The U.S. Department of Health and Human Services faced scrutiny for focusing initially on medical providers with Medicare reimbursements and delaying payments to Medicaid providers, like nursing homes and children’s hospitals. The agency said the move allowed it to push out money faster because it had Medicare information available.
And the $1,200 cash payments were delivered quickest to people who filed taxes online, while placing burdens on people with disabilities and older adults on Social Security. Rep. Conor Lamb, D-Mt. Lebanon, said last week his office has received about 1,000 calls from people who have not received checks.
Debate over benefits
Unemployment is one of the most hotly contested issues on Capitol Hill.
Congress approved a temporary but dramatic expansion of unemployment benefits in March, as the pandemic was crippling the economy and state governors were requiring nonessential businesses to shutter to stem the spread of the virus.

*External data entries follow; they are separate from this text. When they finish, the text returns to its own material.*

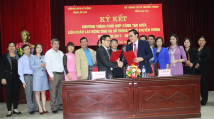 Chiều 05/12, Liên Đoàn lao động tỉnh và Sở Thông tin và Truyền thông tổ chức ký kết chương trình phối hợp công tác trong phong trào công nhân, viên chức, lao động và hoạt động Công đoàn tỉnh Lào Cai giai đoạn 2017 – 2022.
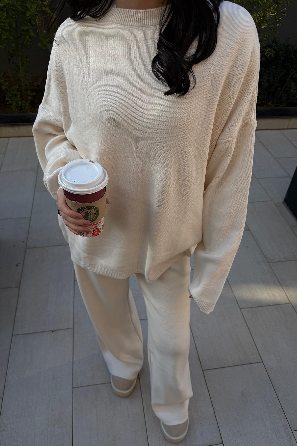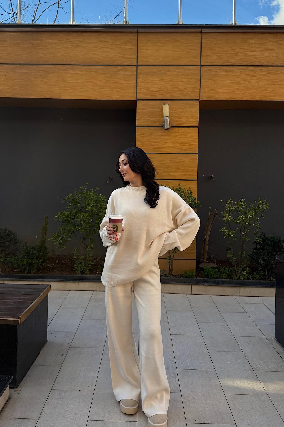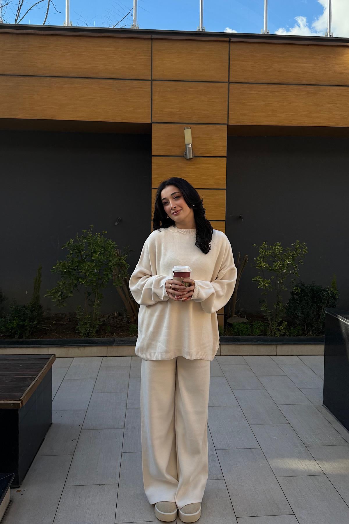 OVERSİZE TRİKO TAKIM-Ekru
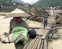 Beijing (AFP) Jun 05, 2005 The death toll from torrential rains and the start of annual summer flooding in China rose to 204, with 79 others missing, state media reported Sunday, citing government figures. "Based on the Ministry of Civil Affairs' preliminary statistics, due to flooding from 16 provinces, cities and autonomous regions, 17.06 million people were affected, 204 died and 79 are missing," the Xinhua news agency said. The seasonal floods have also affected 1.8 million hectares (4.4 million acres) of farmland, completely destroying 614,000 hectares, it said. Governments at all levels across the country have been ordered to mobilize manpower and resources to battle the floods, in particular to prevent major rivers and reservoirs from being breached. Measures should be taken to reduce human casualties and property losses to a minimum, Xinhua cited Vice Premier Hui Liangyu saying during a meeting of the State Flood Control and Drought Relief Headquarters on Saturday. Hui, who is also chief of the headquarters, said the safety of major cities and preservation of communication lines must be ensured. Heavy loss to lives and property occur each year during the flood season. Related Links SpaceDaily Search SpaceDaily Subscribe To SpaceDaily Express
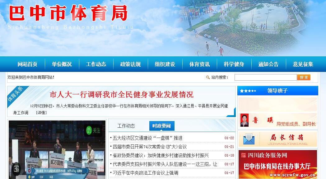 | 網站簡介: 根據(jù)市委、市政府機構改革的總體部署,巴中市體育局于2010年11月初正式設立,為市政府組成部門,下設市少年兒童業(yè)余體校,內設辦公室、項目科、體育科?,F(xiàn)有行政編制(含參公管理1人,機關工勤1人)人員8人,事業(yè)編制8人。近年來,市體育局圍繞市委重大發(fā)展戰(zhàn)略,以提升競技水平為目標,以增強人民體質為己任,以體育惠民為宗旨,著力在群眾體育、競技體育和體育產業(yè)上謀發(fā)展,不斷推進全市體育事業(yè)持續(xù)發(fā)展和全面進步。先后被評為全國全民健身活動先進單位、四川省體育彩票工作先進單位、省級最佳文明單位。 |
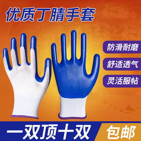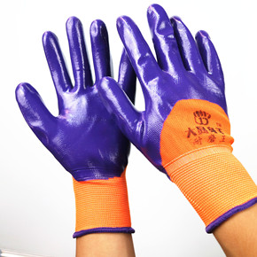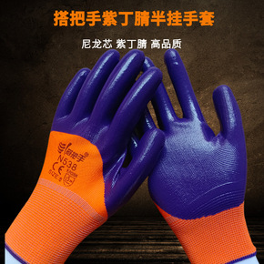 丁腈浸胶手套防水防滑加厚耐磨乳胶手套尼龙挂胶工地工...
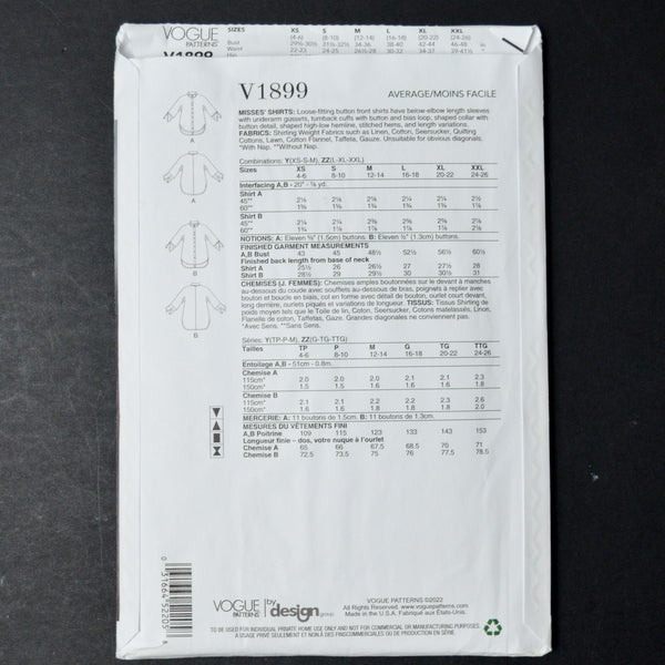 Vogue V1899 Misses' Shirts Sewing Pattern - Size Y (XS-M)
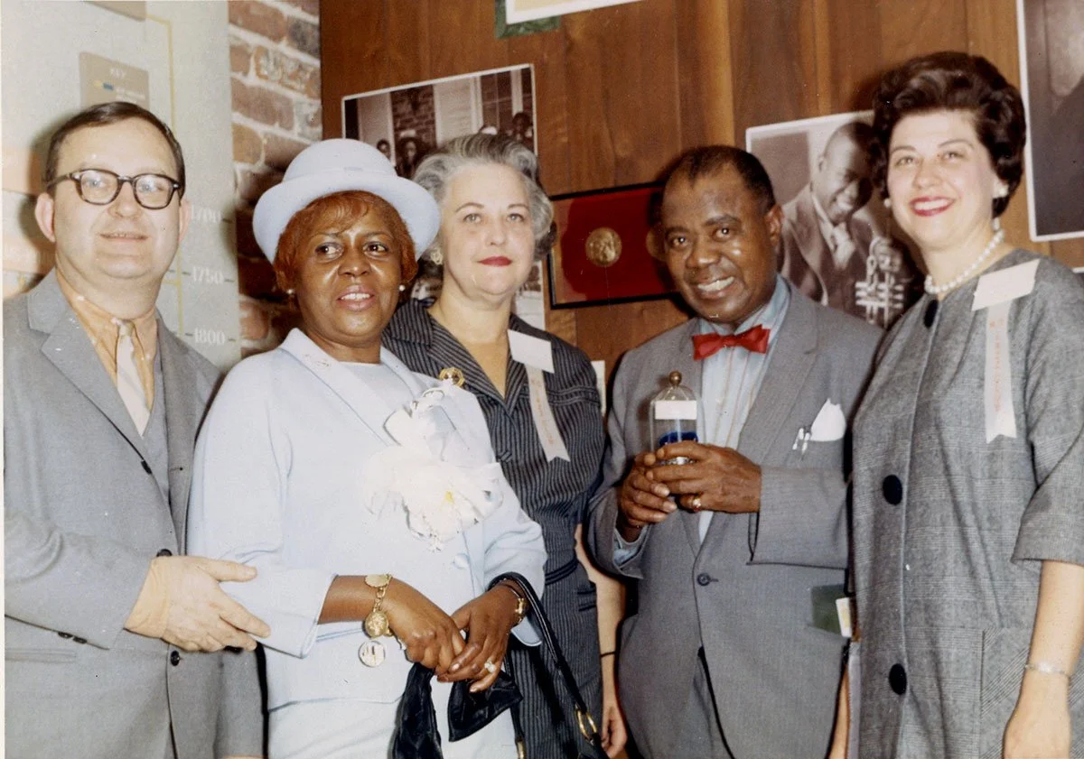 Louis Armstrong with Helen Arlt, president of the Jazz Museum five times, and Jazz Museum curator, Clay Watson, With permission of the Louisiana State Museum/New Orleans Jazz Museum Jazz Club Archives
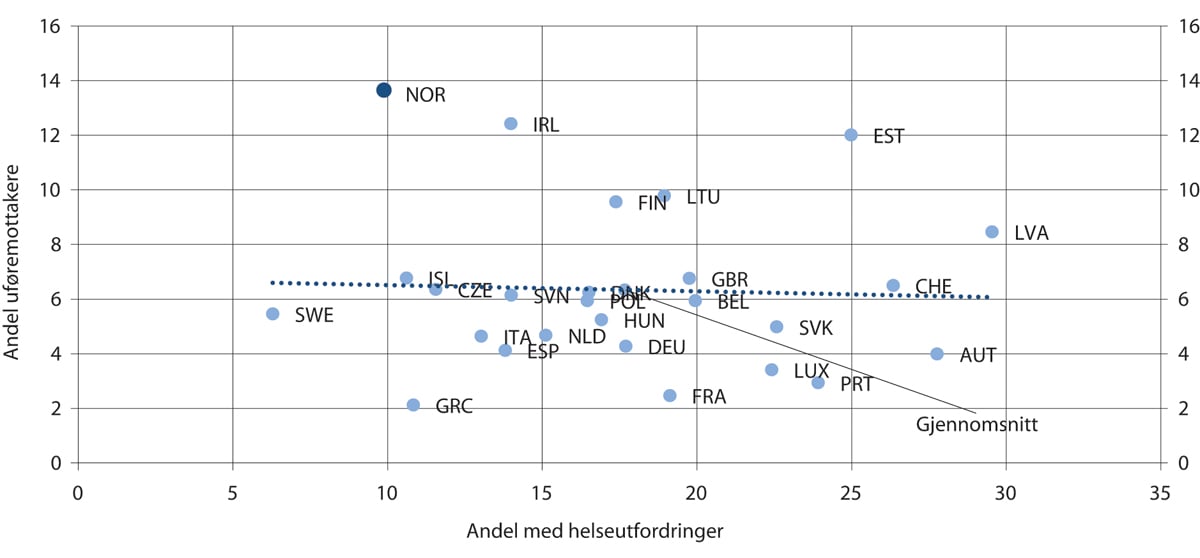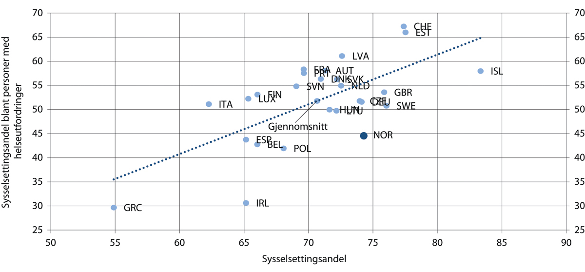 Høy uføreandel kan ha sammenheng med lav arbeidsledighet og høy deltakelse i arbeidslivet. Sysselsettingen blant personer med helseutfordringer synes imidlertid ikke å være spesielt høy i Norge, se boks 10.2. Tilsvarende problemstilling drøftes i kapittel 9 om sykefravær, med utgangspunkt i spørsmålet om det høye målte sykefraværet i Norge sammenlignet med andre land kan forklares med sammensetningseffekter. Det konkluderes der med at forskning ikke har klart å slå fast hvorvidt individer med særskilt høyt sykefravær i større grad kan være inkludert i arbeidsstyrken i Norge enn i andre land. Tilgjengelig statistikk tyder ikke på at personer med helseutfordringer i større grad er inkludert i arbeidslivet i Norge enn i andre europeiske land.
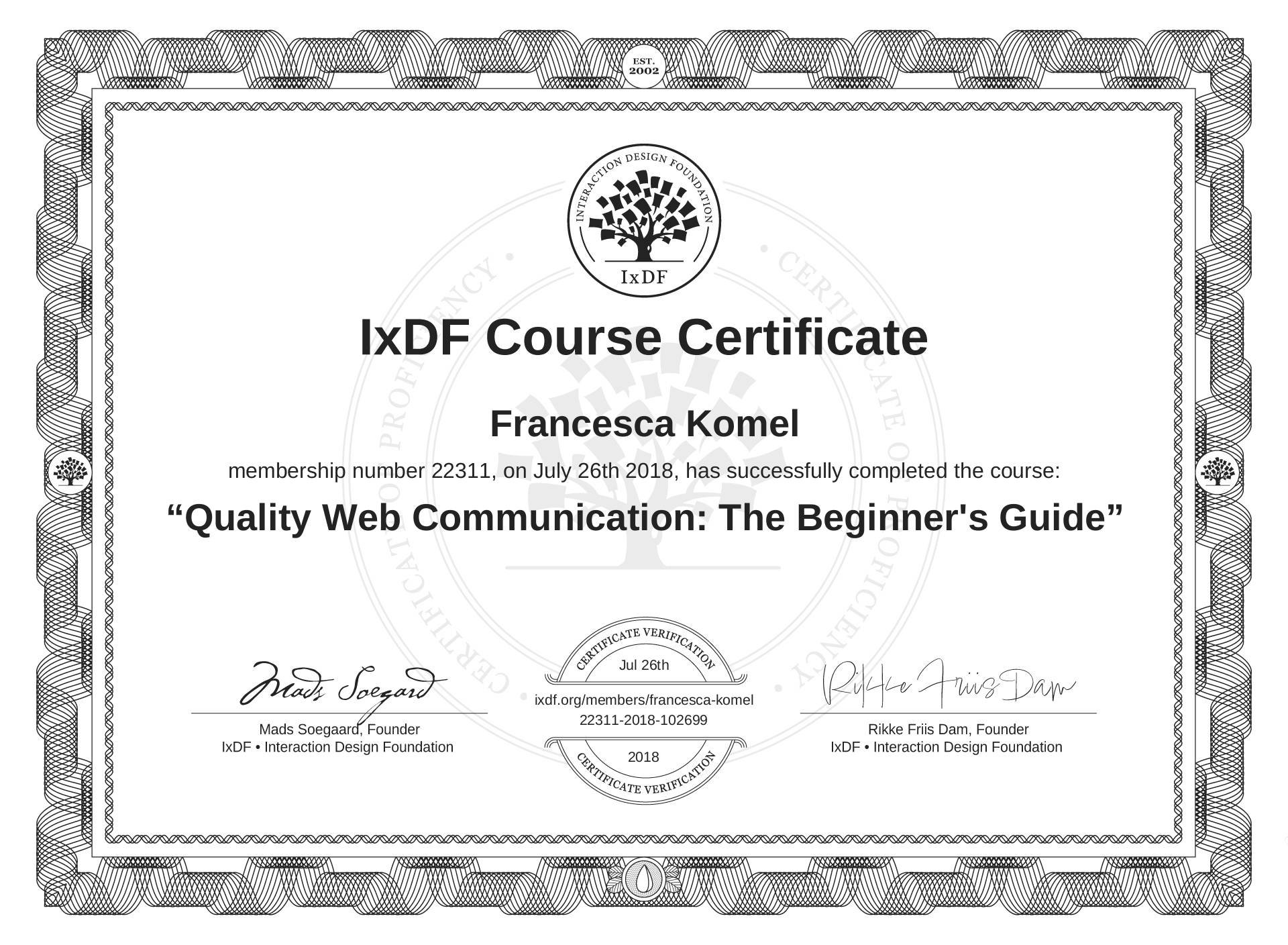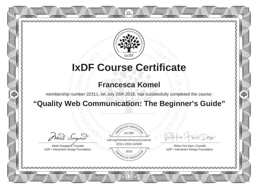 Francesca Komel's IxDF Course Certificate: Quality Web Communication: The Beginner's Guide
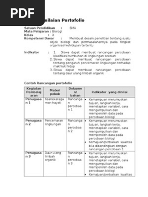 Contoh Penilaian Portofolio Bio Sma
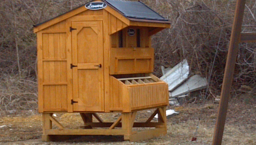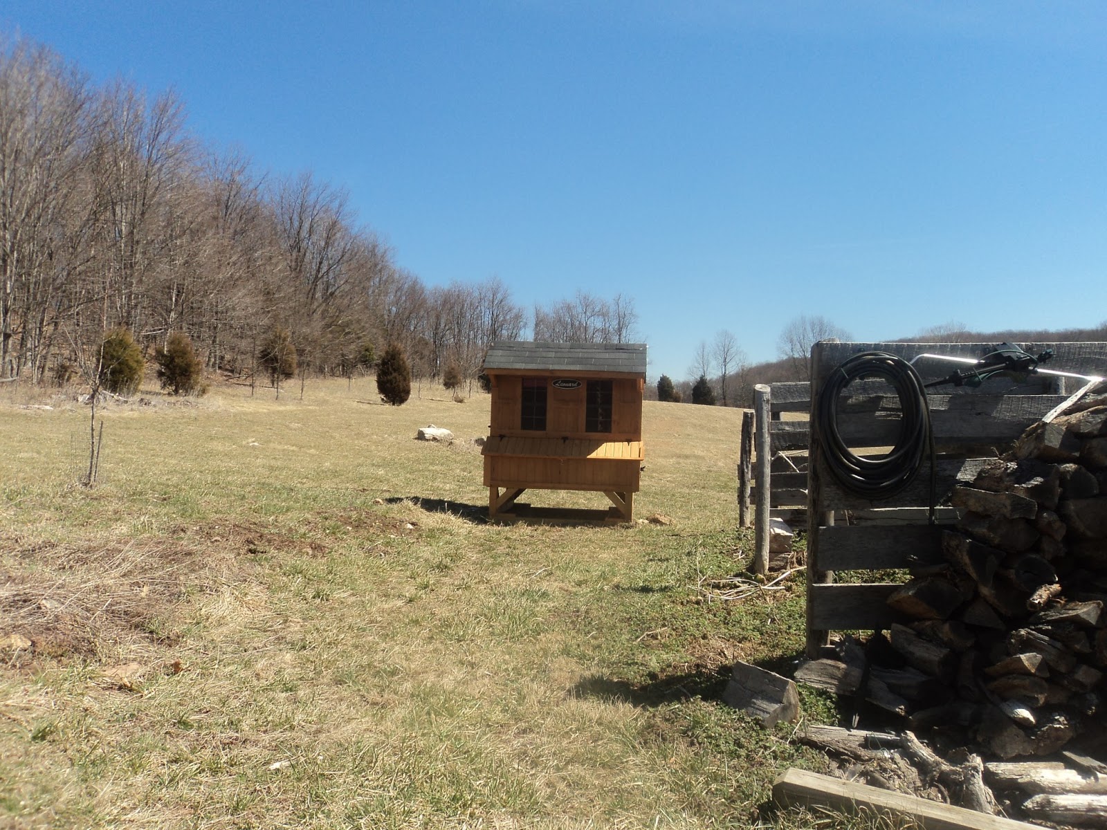 I finally called about the coop (see yesterday’s rant) about 11:30 a.m. and was told the driver had some truck trouble (good excuse) and we were next on the list to be called (funny, we were the first delivery, so why not the first call), and it would be there between 1 and 2 and they would call first. We needed chicken feed, gas for my car, and a couple of supplies for soap and body wash making, so we decided to make a dash to town, grab some lunch and do the quick errands. WRONG. We did get lunch and a call that the truck was on its way. Quick dash back up the mountain, stood out in the frozen yuk, guided the truck to a position where he could get the coop close to where I wanted it and he refused to back the truck off the gravel. The coop was unloaded at least 300 feet from where it shall live. They did show me how to hook the tow straps to pull it, and we hope the tractor can haul it where it needs to go without tipping it over.
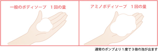 『アミノボディソープ』の容器を3~4プッシュし、泡をそのまま手のひらにとります。
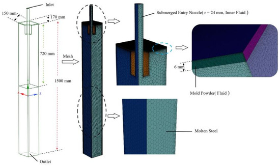 Owing to the bilateral symmetry of the geometric model, a practical 1:1 scaled three-dimensional quarter model was developed, incorporating key features such as the submerged nozzle, molten steel, and slag layers within the crystallizer. The computational domain and mesh division of the geometric model are illustrated in Figure 1. The submerged nozzle employed is a single-hole design, and the effective height of the crystallizer, initially 720 mm, was extended to 1500 mm to facilitate adequate fluid development. The mesh division adopts a hexahedral structure, with the slag layer refined to a 1 mm grid size, resulting in an overall mesh count of approximately 440,000 elements.
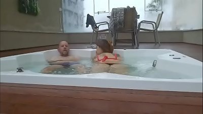 Ginger Haired在汽车旅馆遇到了一位客人,并邀请他去按摩浴缸,她的丈夫甚至没有注意到
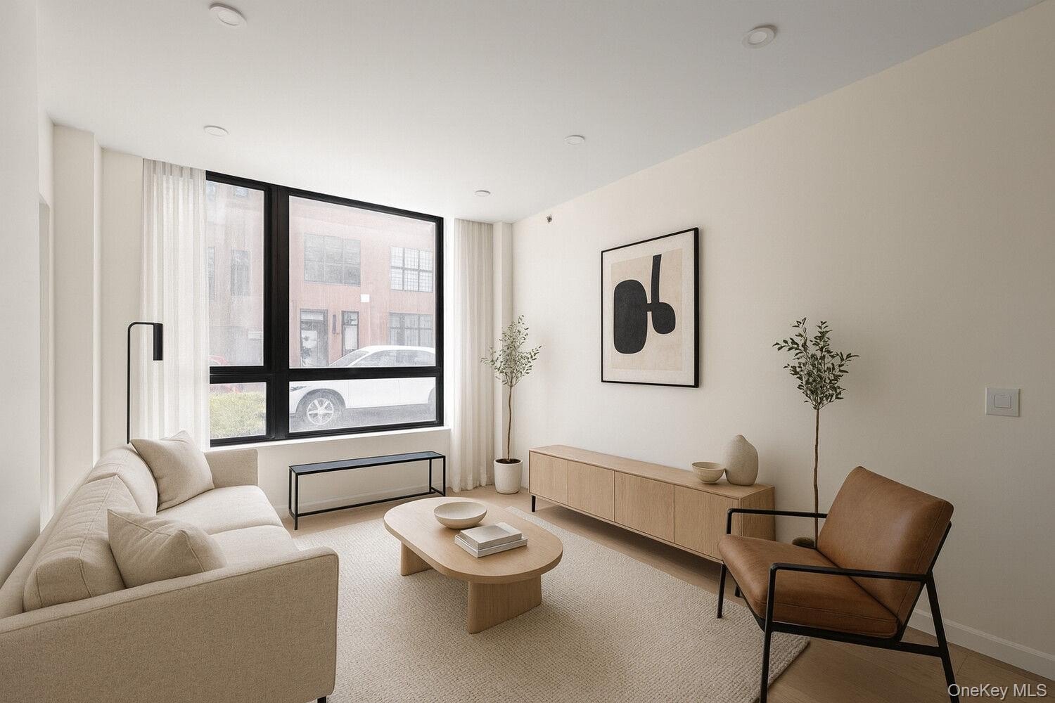 At Ora, It's a Vibe. Where Modern Minimalism Comes to Life in Prime Williamsburg. Enjoy your dynamic, tech-savvy lifestyle in this luminous 1-bedroom, 1.5-bathroom duplex condo with a deeded parking spot, cellar storage, and sleek finishes throughout. On the upper level, a bright living and dining area leads into a lovely kitchen. Natural light pours through oversized windows with bold black frames, while wide plank engineered wood floors add warm, organic tones. The kitchen boasts custom cabinetry, polished quartz countertops, and premium stainless-steel appliances from Cafe, Liebherr, and Bosch. The bedroom includes a large reach-in closet, and the bathroom has stylish ceramic tilework, modern fixtures, a Toto toilet, and a deep Kohler soaking tub. The lower level is completely open with a powder room and separate entrance, making it ideal as an office, gym, crafts space, and more. Finishing the home are a convenient in-unit Bosch washer and dryer and Spectrum internet pre-wiring. Ora is an exciting new boutique condominium bringing contemporary sophistication and elevated design to Brooklyn's most sought-after destination neighborhood. Imagined by Angelo Ng + Anthony Ng Architects Studio, Ora offers a collection of stunning homes and thoughtful amenities centered on themes of light, energy, and innovation. Ora's amenities include a shared backyard for serene outdoor relaxation, a live-in super to ensure efficient building management, and on-site parking spots available for purchase. The building is seconds from an endless choice of trendy restaurants, cafes, bars, and shops. Nearby greenspaces and live music venues include McCarren Park, Msgr. McGolrick Park, Cooper Park, Brooklyn Steel, Our Wicked Lady, and the Williamsburg Waterfront. Accessible subway lines include the 6 and L. Pets are welcome. The listing images represent various units in the building. NYS Department of Law File No. CD22-0211. Equal Housing Opportunity. THE COMPLETE OFFERING TERMS ARE IN AN OFFERING PLAN AVAILABLE FROM SPONSOR. FILE NO. CD24-0149. SPONSOR: 229 WITHERS STREET LLC, 75 ECKFORD STREET, BROOKLYN, NY 11222.
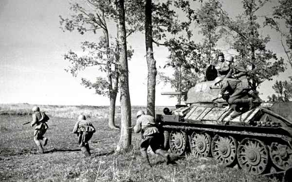 Танковый десант тренируется взаимодействовать с Т-34, 1943 год. Источник: deutsch.rt.com
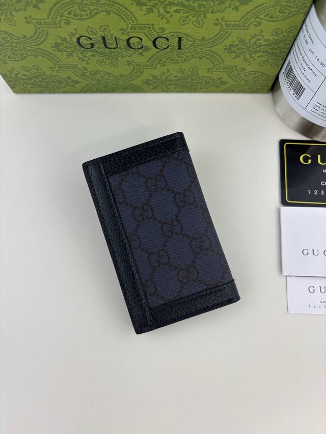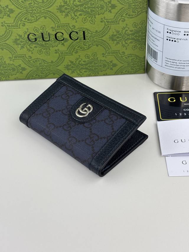 Guccl Ophidia series short wallet. The GG logo is an evolution of the Gucci diamond quilting pattern that appeared in the 1930s and has since become a Gucci tradition. This new Ophidia series card holder uses this recognizable pattern in blue material. Double G hardware adds a touch of charm to the look. Blue Gg Supreme canvas, blue leather trim, palladium-tone hardware, and Double G are all added.
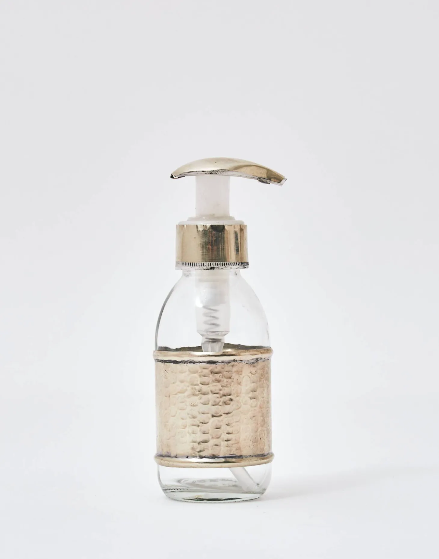 Dosificador de jabón de base redonda realizado en vidrio y latón.
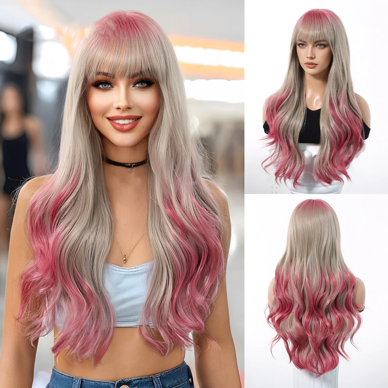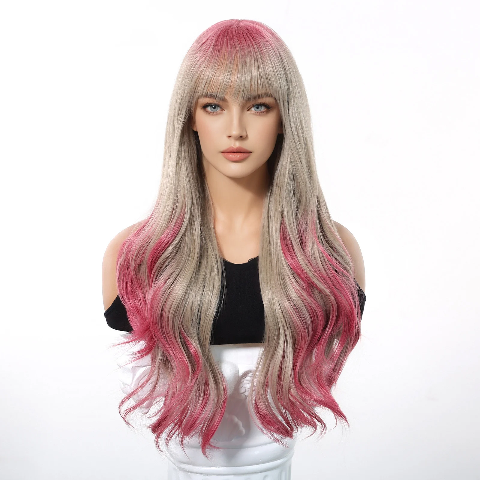 European and American Cosplay Festival Fringe Dragon Fruit Color White Big Waves Long Curly Hair No Lace Wig

Lawmakers, in addition to opening up unemployment benefits to independent contractors and those without sufficient work history, provided an extra $600 a week, calling it Federal Pandemic Unemployment Compensation. Proponents argued the payment avoided bureaucratic hurdles that would have delayed the money.
Conservative critics claimed — and some Democrats later acknowledged — many workers are making more on the unemployment rolls than they would be on the job. Last month, a Strip District business owner told the Senate Finance Committee he struggled to get workers to come back and was forced to pay higher wages to make his employees even.
Mr. Lamb said in a town hall last month he believed the $600 checks were “an issue to confront.” Mr. Lamb was among 14 Democrats who voted against the $3 trillion House measure last month, which passed by a narrow 208-199 vote.
In an interview last week, Mr. Lamb said he voted against the Heroes Act because “it was just completely partisan” and said the pandemic called for compromise legislation with Republicans.
“I would be happy to support some other flat amount — but only if our bill also helps people with all the other things going on in their lives,” like rent, child care and health care, he said. The lower unemployment amount could be coupled with another round of stimulus checks, Mr. Lamb said.
“People who lost their jobs are hurting the most, and they’ll be hurting for the longest,” he said.
A nightmare
Technically speaking, lowering the $600 payment to $200 should be a relatively easy change for state unemployment agencies, lawmakers and federal officials have said.
But reconfiguring the system to pay a percentage of prior wages would be a nightmare, Mr. Doyle said in the interview.
Treasury Secretary Steven Mnuchin acknowledged the system challenges to reporters last week: “Let me just say, different states are in different places,” Mr. Mnuchin said. “Some states can implement this quickly. Some states will take time.”
Mr. Doyle said Pennsylvania unemployment officials had told him the change would be a challenge. It took state officials a couple of weeks to set up the software to begin paying the $600 checks.
“If you would change the whole way the program works, it would take them months to retool the software,” Mr. Doyle said.
In a statement, the Pennsylvania Department of Labor and Industry said it would take the state one week to alter flat weekly amount, like trimming the benefit to $200 a week.
But it takes state officials about 12 to 16 weeks to “essentially create a new system to pay each person a unique amount based on the percentage of their previous income,” a state spokesman wrote. Such a system would be “a significant distraction from claimants who are already waiting for staff to assist them,” the spokesman, Jahmai Sharp, wrote.
“The best way to help workers who are out of a job because of the pandemic is for Republicans in Congress to extend the $600 weekly federal benefit,” Mr. Sharp wrote.
Roughly 146,000 people were counted as unemployed in the Pittsburgh region as of June, according to the department’s figures released Tuesday. The region’s unemployment rate stood at 12.5%, compared with a 11% jobless rate nationwide.